His passion for this craft developed in the 30-minute journal sessions he was granted in grade school. He would pull out his composition notebook, in a school desk too tall for him to comfortably reach his feet to the ground, and while others used the moment of freedom to doodle, he would write. By eighth grade, writing became a part of him and he was able to transport all the way to the sun – that is, in his mind. “It was kind of about a demigod kid like Hercules who ends up fighting against Cronus, and throws him into the sun,” Giancioppo said, reflecting on the first story he was truly proud of. “And he throws him so hard that the sun spins around the world. And it was like, oh, that’s why there’s day and night, because this Greek hero threw Cronos into the sun and made it start revolving.” He explained that his stories tend to have a fantastical element, inspired by his favorite author, Stephen King.
Giancioppo even has a summer house in Maine, the same town that King lives in. After sharing his alarming knowledge of King’s movements, followed by laughter and reassurance that the town is very small, Giancioppo explained how the iconic author has shaped his love for writing. He is not only familiar with where King takes his morning walks but has read many of his novels and takes inspiration from his storytelling techniques.
“‘The Green Mile,’ although it has some fantastical elements, is kind of just the characters’ lives and he does a really great job of incorporating very human elements into his stories and always talking about this idea of growth,” Giancioppo said. “Even if the characters are all adults, there’s always this idea of growth and movement and memory and the evil in people, but also the best in people. And those kinds of things are the kinds of writing that I hope to emulate to some degree or other.”
Giancioppo has completed about three manuscripts to date. “At this point, now almost six coming on seven years later, I still have written like two or three different drafts of those books.

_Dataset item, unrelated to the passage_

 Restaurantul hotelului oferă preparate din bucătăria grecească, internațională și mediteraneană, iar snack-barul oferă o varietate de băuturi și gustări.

And they were a way for me to express things in my life that I felt like I couldn’t really say in real life,” Giancioppo said. “I would take these problems or these issues or feelings or memories or thoughts, and I would sort of expand upon them, put them into this imaginary world that didn’t exist and pull something back out.”
In these stories, Giancioppo grapples with the authenticity of his friendships, as well as his own self-scrutiny. He wrote a superhero story of a boy, a character comparable to the combination of Tony Stark and Tom Holland’s Spiderman, who found himself not only confronted with a supernatural destiny, but with the question of whether he’s a good man. “At the core of it, it’s just about a kid who’s trying to figure out if he’s a good person,” Giancioppo explained. “I’m not really doing it in the first place for money; that would just kind of be a cool bonus,” he explained. “But telling the stories is, as cheesy as it sounds, more than enough reward in and of itself.”

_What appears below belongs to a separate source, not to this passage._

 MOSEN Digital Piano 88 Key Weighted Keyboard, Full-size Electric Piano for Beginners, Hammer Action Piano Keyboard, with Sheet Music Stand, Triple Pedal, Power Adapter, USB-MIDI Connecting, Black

Developing this mentality as a writer is crucial – writers must bare their souls on the page while also subjecting themselves to constant rejection. Giancioppo’s brave efforts, so far, have seldom been accompanied by external validation, forcing him to let his passion be enough. “I don’t think a lot of my self-worth is [placed] on my writing specifically because there hasn’t ever really been a moment where I didn’t know that this is what I’m supposed to do,” he said.

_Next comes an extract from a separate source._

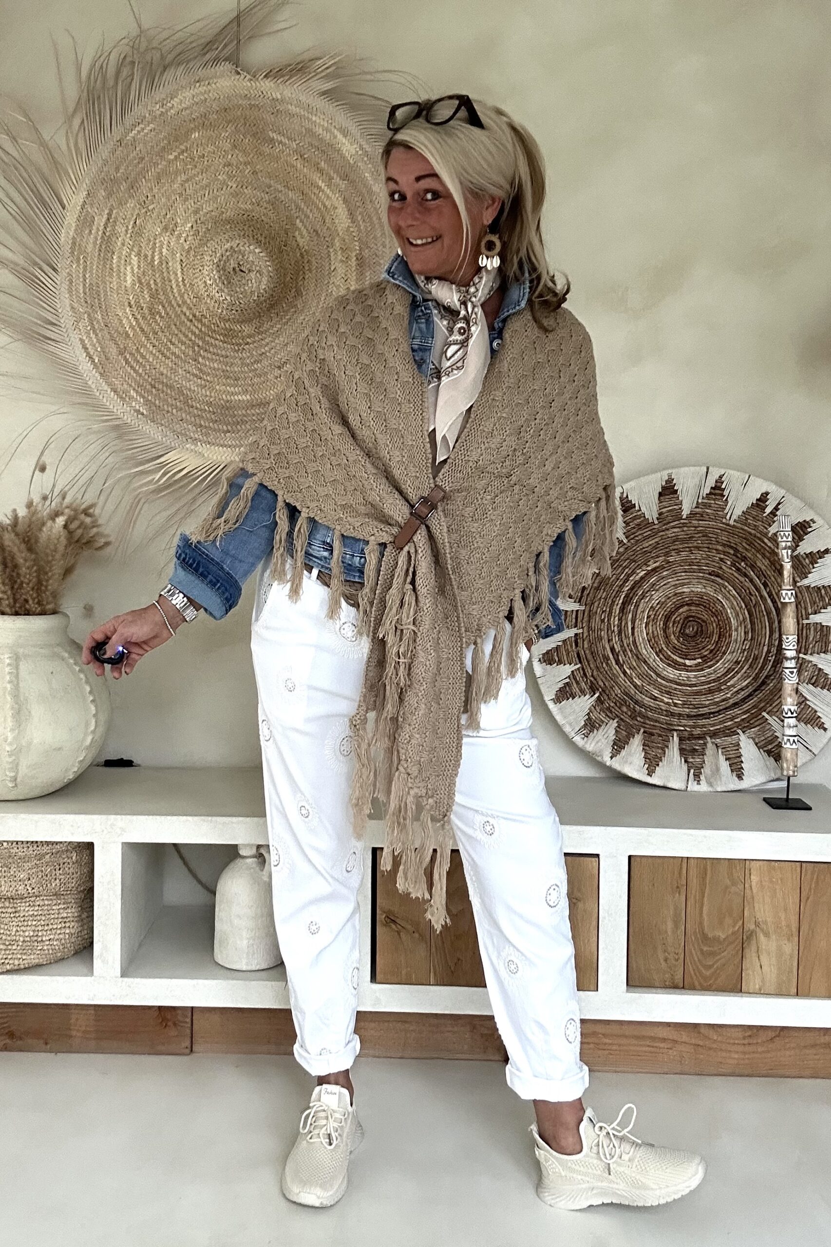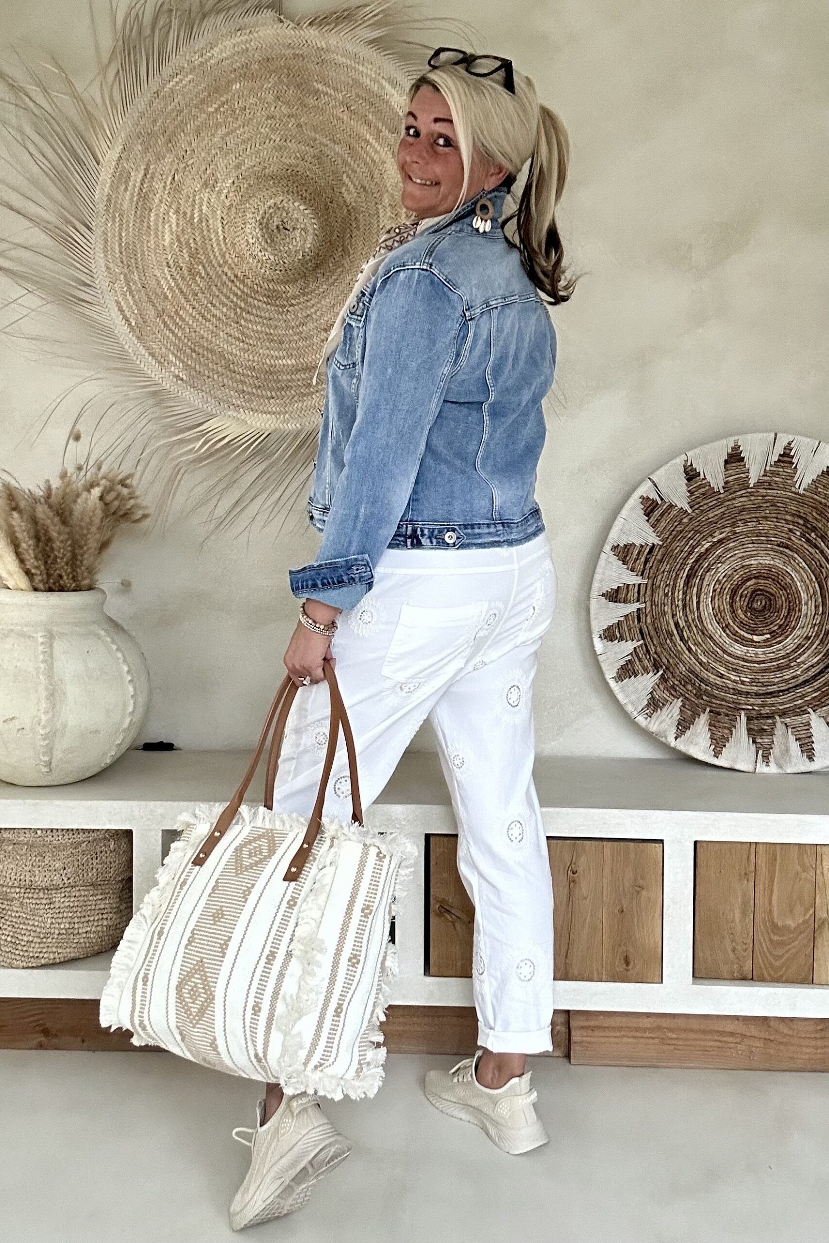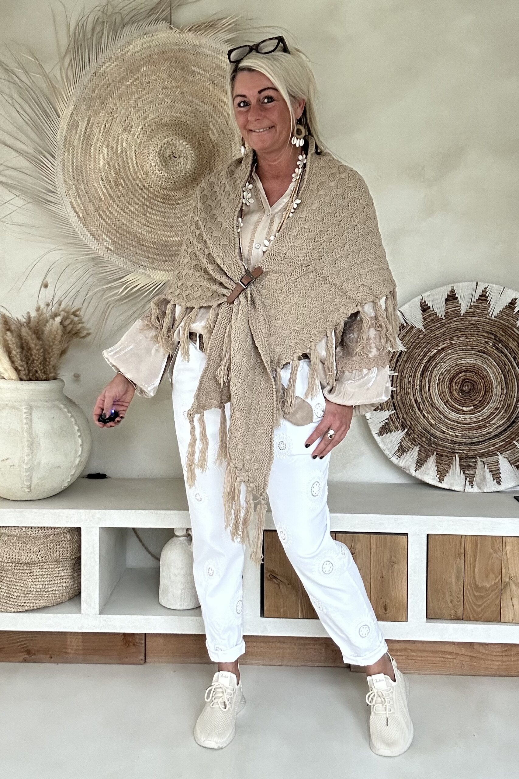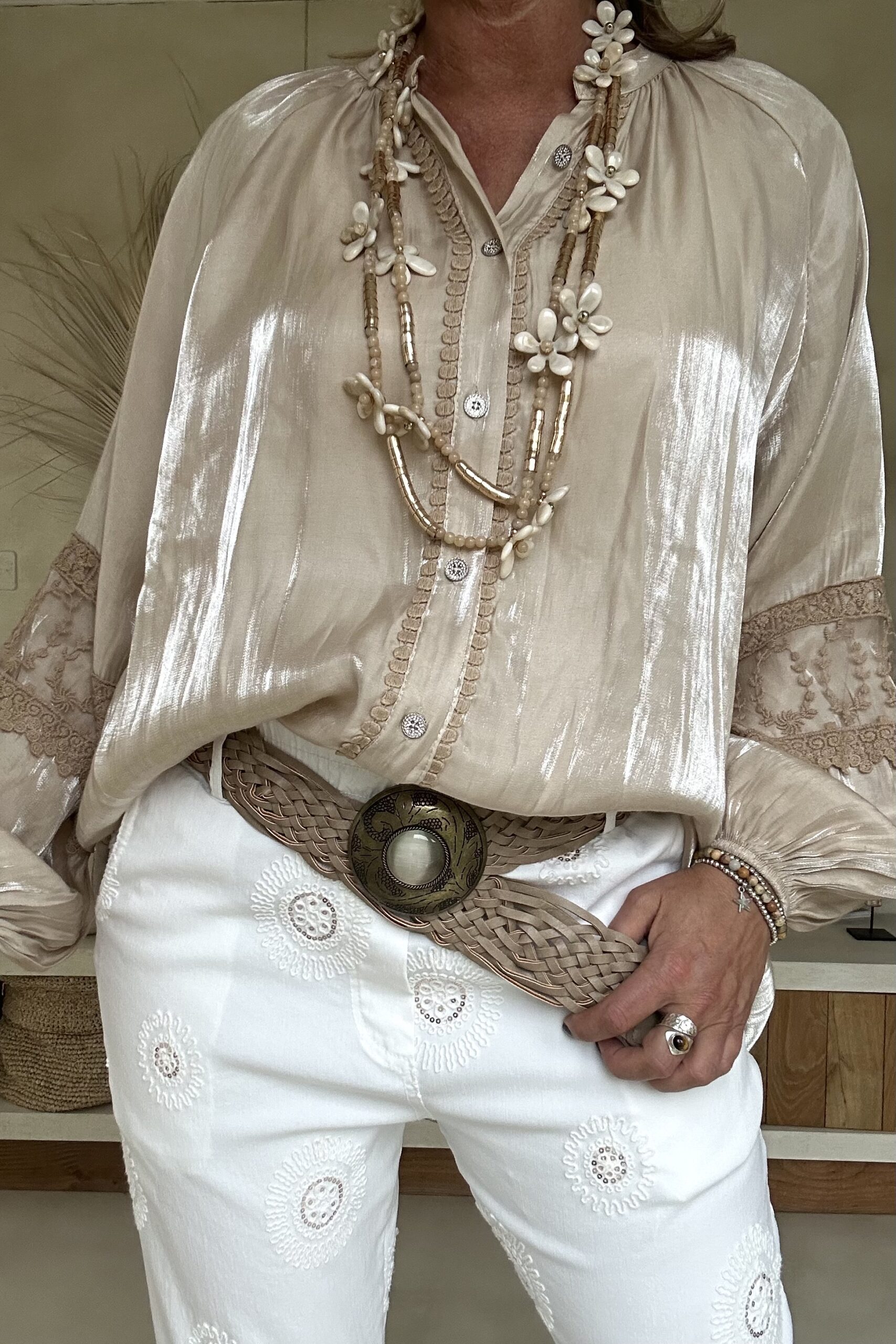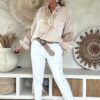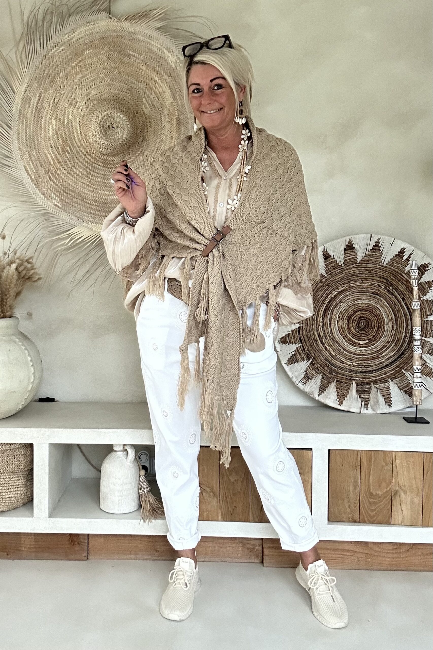 Deze super comfy stretchbroek is er eentje waar je meteen in wilt wonen. De zachte, soepele stof met veel stretch zorgt voor een heerlijk draagcomfort, terwijl de mooie borduursels en subtiele pailletjes net dat extra detail geven. De broek heeft een ontspannen uitstraling, maar oogt toch verzorgd en stijlvol.

“I probably submitted like 10 short stories to probably like 30 different places, and I submitted a novel to a publishing agency. And I’m in the process right now of working with artists to submit a pitch package for a comic series. And like, who knows where any of those might go?” Giancioppo said. “All of them … have been rejections, but it’s never a thing where seeing those rejections or even having them stack up becomes a feeling of, ‘oh, I can’t do this or I’m not worth it.’ It’s more just a feeling like, all right, cool, I’m not ready yet, but I just need to keep going and keep trying because I know that I have something, because it wouldn’t feel as right as it does to write – and to consider myself a writer wouldn’t feel as right as it does – if there wasn’t something there.”
His clarity, despite the insecurity, is because he loves to write, with as much depth as that word can carry. And that love is what makes him who he is. For Giancioppo, writing is not a hobby or a career but his language, and he will never stop speaking.